== Extracted material

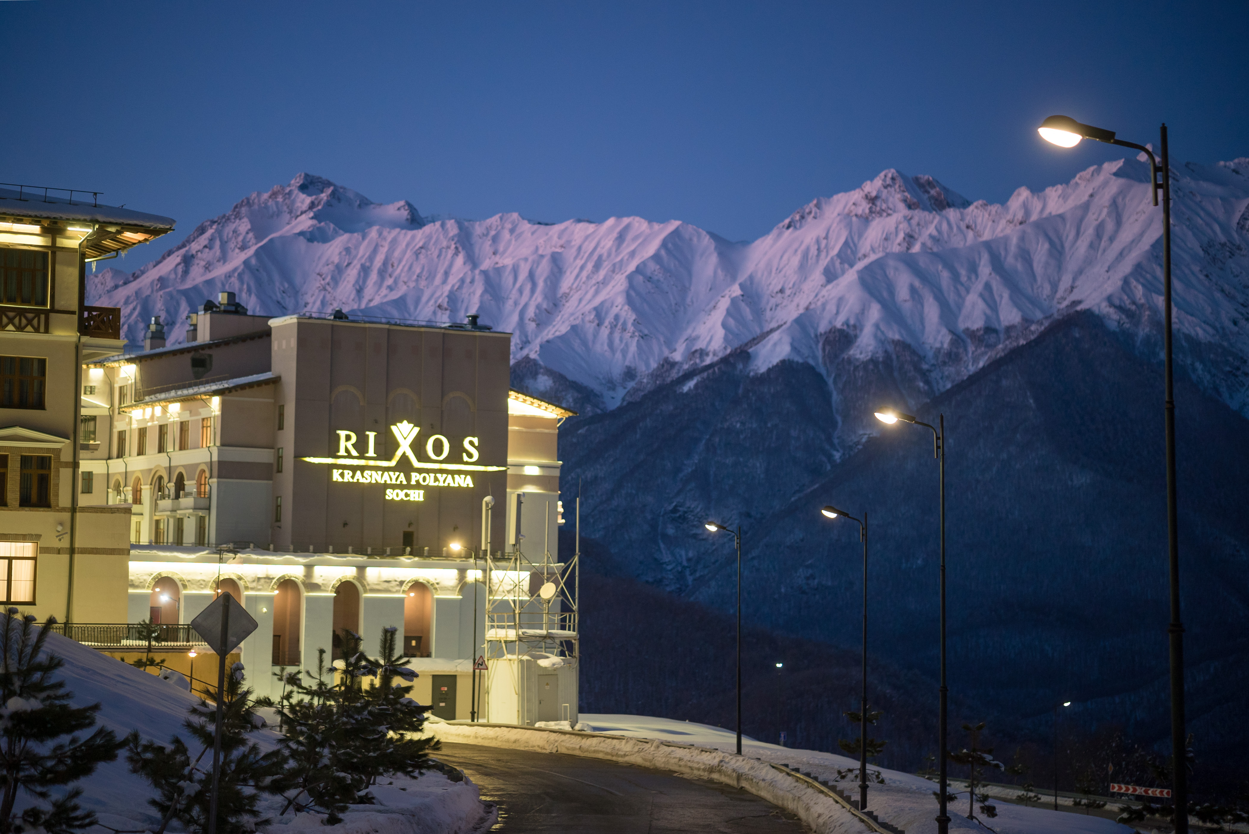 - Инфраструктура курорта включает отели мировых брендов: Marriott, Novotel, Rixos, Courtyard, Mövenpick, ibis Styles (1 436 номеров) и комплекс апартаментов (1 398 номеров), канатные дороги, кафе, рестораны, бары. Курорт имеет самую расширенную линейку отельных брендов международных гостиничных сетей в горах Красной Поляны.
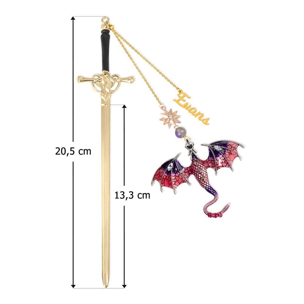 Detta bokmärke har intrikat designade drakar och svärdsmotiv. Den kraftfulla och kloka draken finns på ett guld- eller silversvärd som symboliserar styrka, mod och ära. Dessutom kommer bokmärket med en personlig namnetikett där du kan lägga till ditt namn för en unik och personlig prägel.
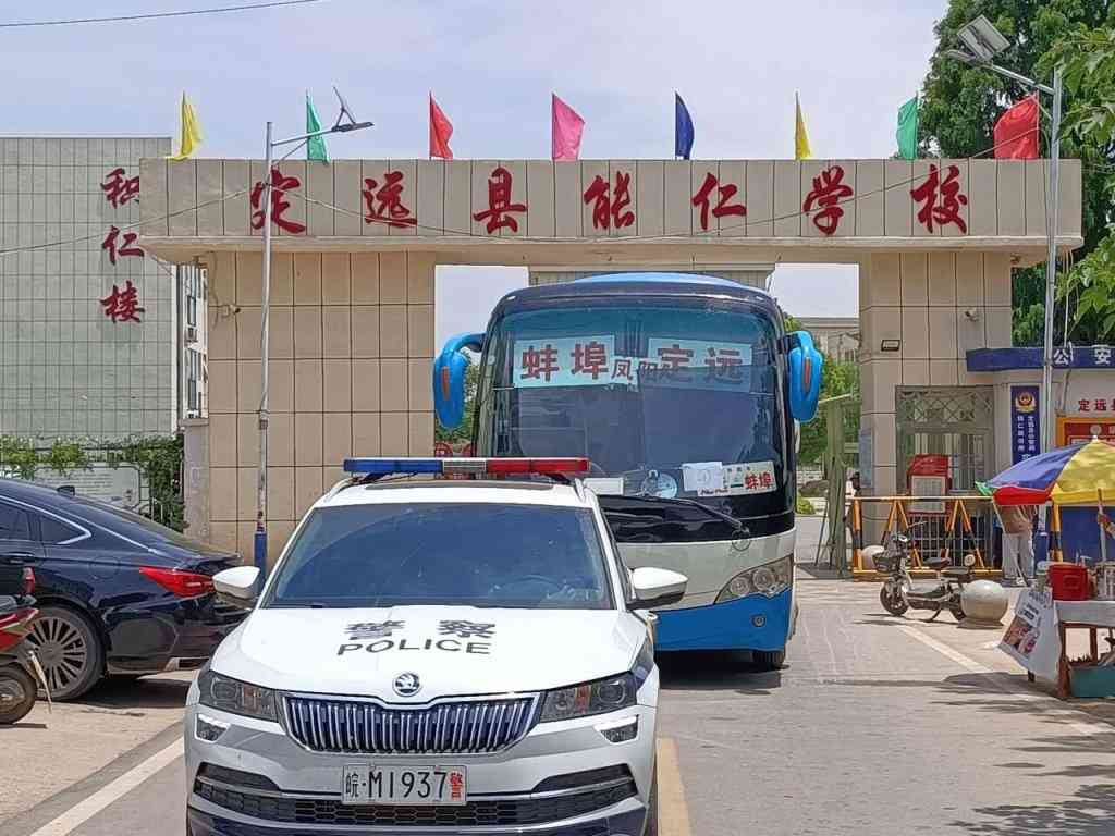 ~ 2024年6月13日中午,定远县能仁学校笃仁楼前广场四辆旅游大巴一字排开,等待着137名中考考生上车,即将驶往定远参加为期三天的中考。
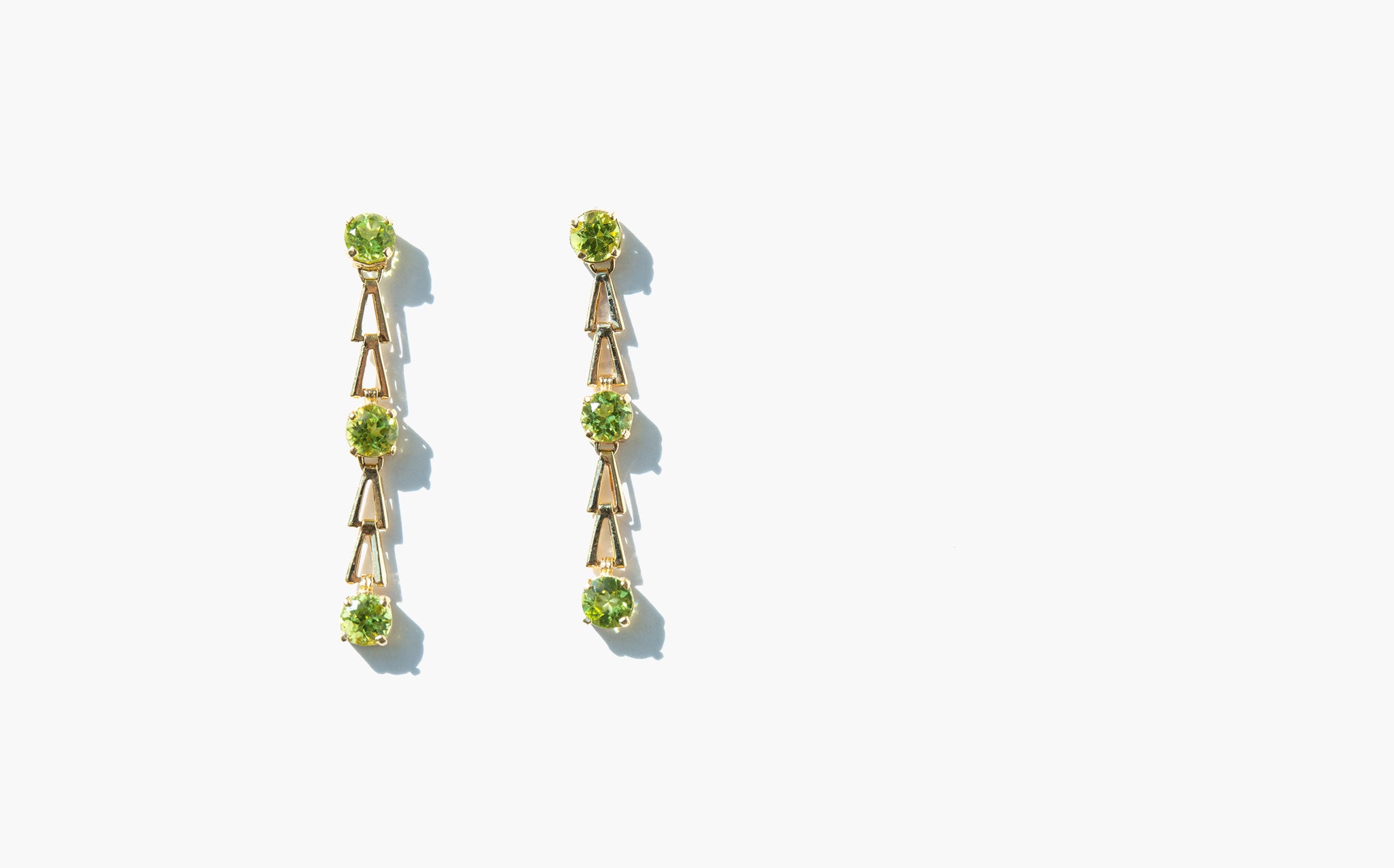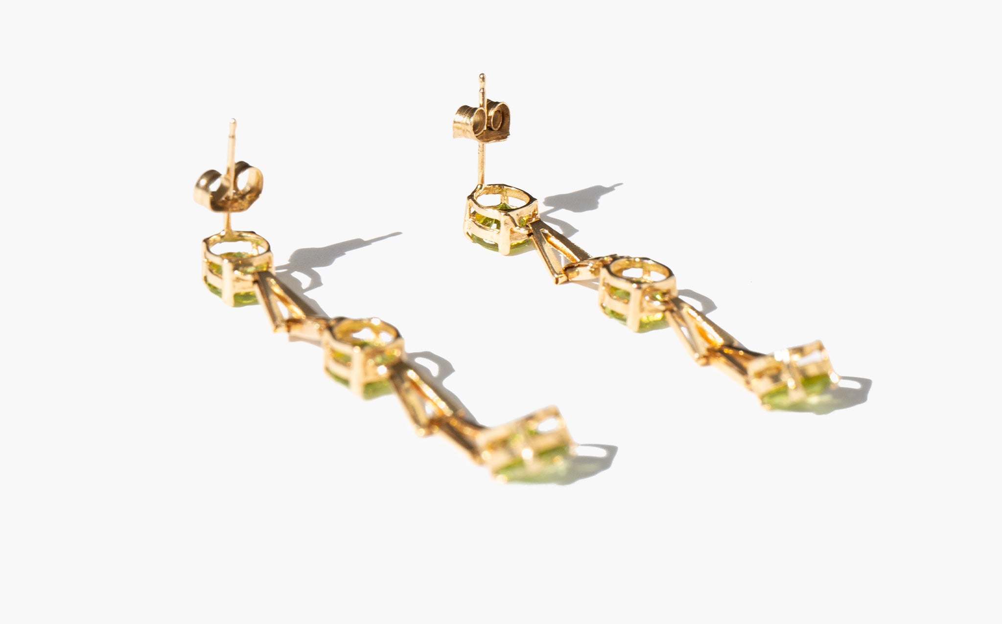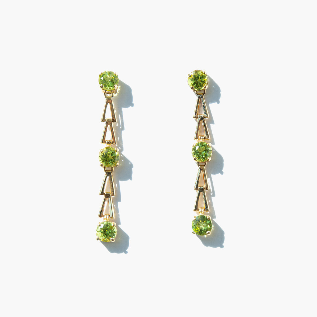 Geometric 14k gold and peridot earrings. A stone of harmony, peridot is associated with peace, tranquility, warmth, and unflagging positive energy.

====
== Extracted material

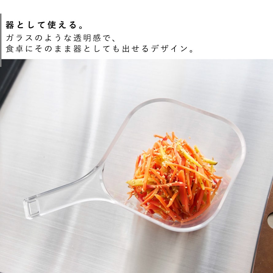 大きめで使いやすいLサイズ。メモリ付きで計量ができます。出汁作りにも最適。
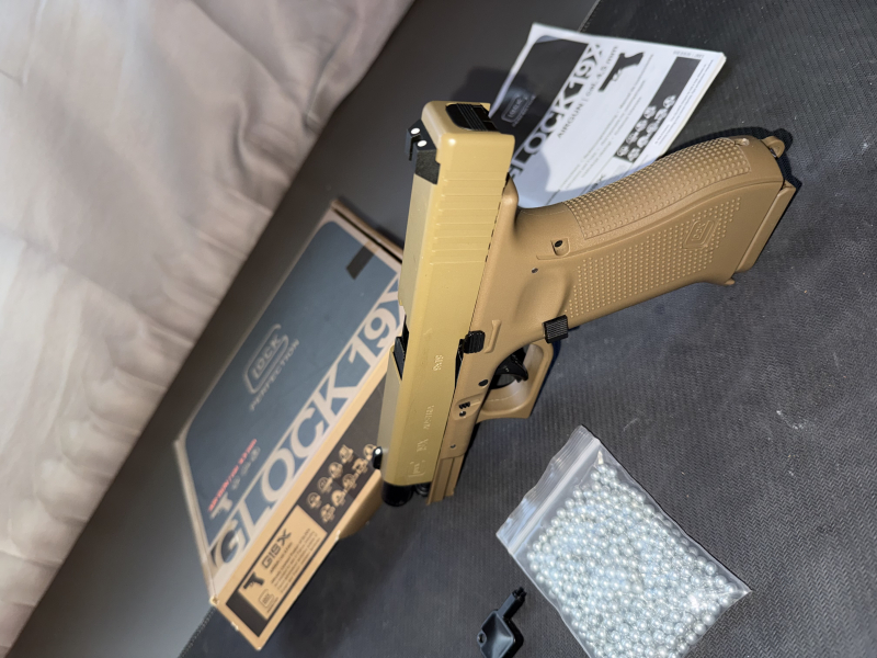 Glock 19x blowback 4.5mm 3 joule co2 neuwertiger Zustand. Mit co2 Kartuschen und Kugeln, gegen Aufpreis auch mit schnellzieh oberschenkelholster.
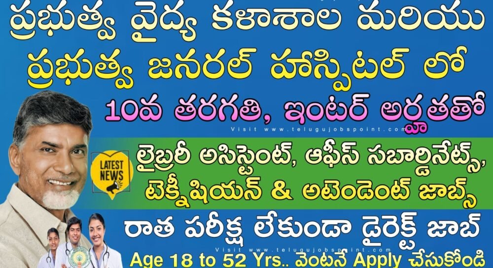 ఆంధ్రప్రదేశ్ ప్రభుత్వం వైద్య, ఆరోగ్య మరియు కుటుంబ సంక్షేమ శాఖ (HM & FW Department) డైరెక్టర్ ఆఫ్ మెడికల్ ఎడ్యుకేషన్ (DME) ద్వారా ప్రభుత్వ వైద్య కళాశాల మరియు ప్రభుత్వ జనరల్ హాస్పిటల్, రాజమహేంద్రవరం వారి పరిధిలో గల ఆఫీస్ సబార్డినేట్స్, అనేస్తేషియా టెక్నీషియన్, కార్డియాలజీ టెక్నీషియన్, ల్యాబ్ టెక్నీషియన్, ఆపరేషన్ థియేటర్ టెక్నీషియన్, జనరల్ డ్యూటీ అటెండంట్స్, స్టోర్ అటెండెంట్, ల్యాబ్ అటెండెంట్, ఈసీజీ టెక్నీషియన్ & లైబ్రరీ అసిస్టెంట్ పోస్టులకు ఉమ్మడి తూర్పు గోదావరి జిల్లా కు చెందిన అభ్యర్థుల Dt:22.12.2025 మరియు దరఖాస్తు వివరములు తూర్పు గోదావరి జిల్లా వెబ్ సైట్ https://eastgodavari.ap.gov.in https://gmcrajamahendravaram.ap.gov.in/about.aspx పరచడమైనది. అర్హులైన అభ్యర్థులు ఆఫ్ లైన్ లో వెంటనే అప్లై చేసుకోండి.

====

Try it: Within the listing above, the stretch from the line with "大きめで使いやすいLサイズ。メモリ付きで計量ができます。出汁作りにも最適。" down to the line with "ఆంధ్రప్రదేశ్ ప్రభుత్వం వైద్య, ఆరోగ్య" is to be given again exactly, end lines included and pictures excluded.

Answer for this exercise:
 大きめで使いやすいLサイズ。メモリ付きで計量ができます。出汁作りにも最適。
 Glock 19x blowback 4.5mm 3 joule co2 neuwertiger Zustand. Mit co2 Kartuschen und Kugeln, gegen Aufpreis auch mit schnellzieh oberschenkelholster.
 ఆంధ్రప్రదేశ్ ప్రభుత్వం వైద్య, ఆరోగ్య మరియు కుటుంబ సంక్షేమ శాఖ (HM & FW Department) డైరెక్టర్ ఆఫ్ మెడికల్ ఎడ్యుకేషన్ (DME) ద్వారా ప్రభుత్వ వైద్య కళాశాల మరియు ప్రభుత్వ జనరల్ హాస్పిటల్, రాజమహేంద్రవరం వారి పరిధిలో గల ఆఫీస్ సబార్డినేట్స్, అనేస్తేషియా టెక్నీషియన్, కార్డియాలజీ టెక్నీషియన్, ల్యాబ్ టెక్నీషియన్, ఆపరేషన్ థియేటర్ టెక్నీషియన్, జనరల్ డ్యూటీ అటెండంట్స్, స్టోర్ అటెండెంట్, ల్యాబ్ అటెండెంట్, ఈసీజీ టెక్నీషియన్ & లైబ్రరీ అసిస్టెంట్ పోస్టులకు ఉమ్మడి తూర్పు గోదావరి జిల్లా కు చెందిన అభ్యర్థుల Dt:22.12.2025 మరియు దరఖాస్తు వివరములు తూర్పు గోదావరి జిల్లా వెబ్ సైట్ https://eastgodavari.ap.gov.in https://gmcrajamahendravaram.ap.gov.in/about.aspx పరచడమైనది. అర్హులైన అభ్యర్థులు ఆఫ్ లైన్ లో వెంటనే అప్లై చేసుకోండి.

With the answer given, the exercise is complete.